But the thing is, it isn’t really clear why either one of these people would want to be with each other at all. The final shot of Ben and Elaine coming to their senses on the bus makes that obvious. So what are they actually after? Well, if we look at the symbols that I have covered throughout the film, Ben really isn’t looking for love. He scoffs at Mrs. Robinson’s initial advances and doesn’t really seem interested in Elaine except as a desperate way out of his current situation.

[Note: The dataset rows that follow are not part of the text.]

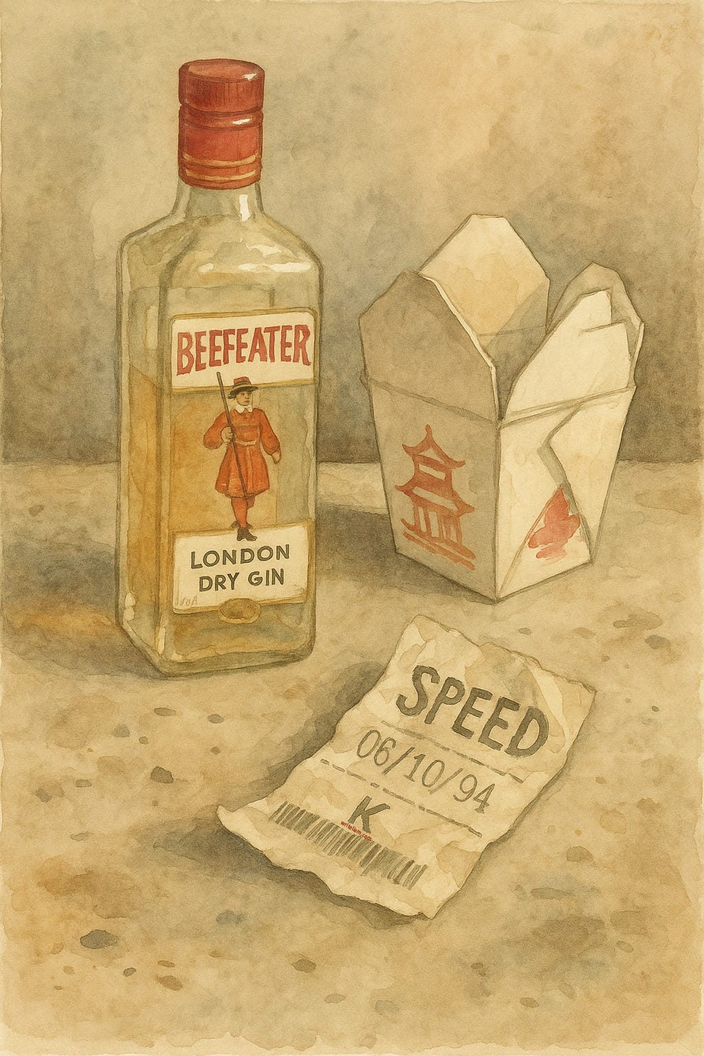 When I was 17, my high school friend Bill and I split a very large bottle of Beefeaters gin and then ate Chinese food and then went to see Speed. Bill threw up all over the couple next to us, and then I got him cleaned up in the bathroom. I sent him off to find his way home on the subway while I watched the rest of the movie. I still have never seen the first fifteen minutes of Speed.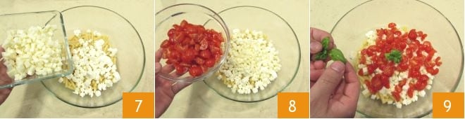 En el bol donde ha dejado enfriar la pasta, añada la burrata y la caciotta romana en dados 7. También agregue los tomatitos 8 y la albahaca troceada a mano 9.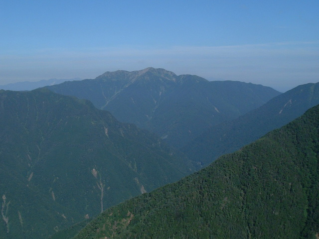 | 薬師岳 観音岳(かんのんだけ 2,840m:50th)から振り返った薬師岳(やくしだけ 2,780m:67th)へ続く稜線です。 中央やや左のピークが薬師岳山頂。 遠くにはうっすらと毛無山(けなしさん 1,964m)も見えています。 | |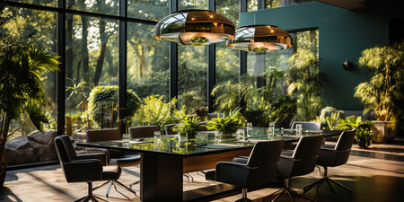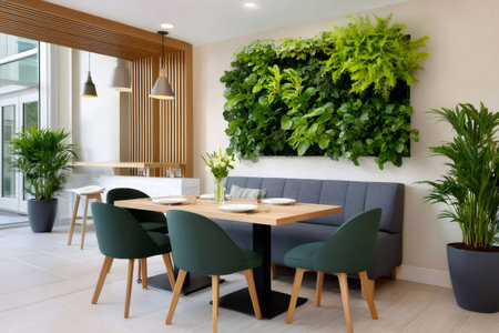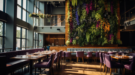 Contemporary restaurant or cafe interior embracing biophilic design with lush living plants
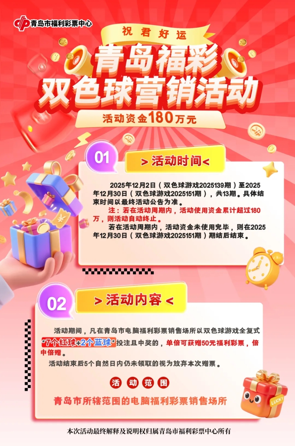 若在活动周期内,活动资金未使用完毕,则在2025年12月30日(双色球游戏2025151期)期结后结束。

I think the entire film is some sort of response to the dreaded question “So, what are you going to do after you graduate?” It radiates that existential malaise that you can feel in those summers when you don’t have much to do and you start to think, so is this just what life is? You can feel the reaching for something: a lurid affair, barging in on a wedding and running away with the bride, and words denoting opaque industries for quick you are expected to work (see: “plastics”). It contains all of the things a young adult may wonder what the future may hold for him, when he still doesn’t really know that much about the world. Ben is desperately reaching for something, and it isn’t success or direction or love. It is freedom that he is after-and in a much bigger sense than just from his parents. And he pounds on the glass in his fight to get there. At the start of the film, Benjamin stands still on a moving walkway at the airport, drifting slowly backwards to a life he has not chosen, carried by a force that is not his own, with Simon and Garfunkel’s Sound of Silence playing hauntingly. At the end of the film, he sprints forward on his own two feet to a life no one really wants for him but himself.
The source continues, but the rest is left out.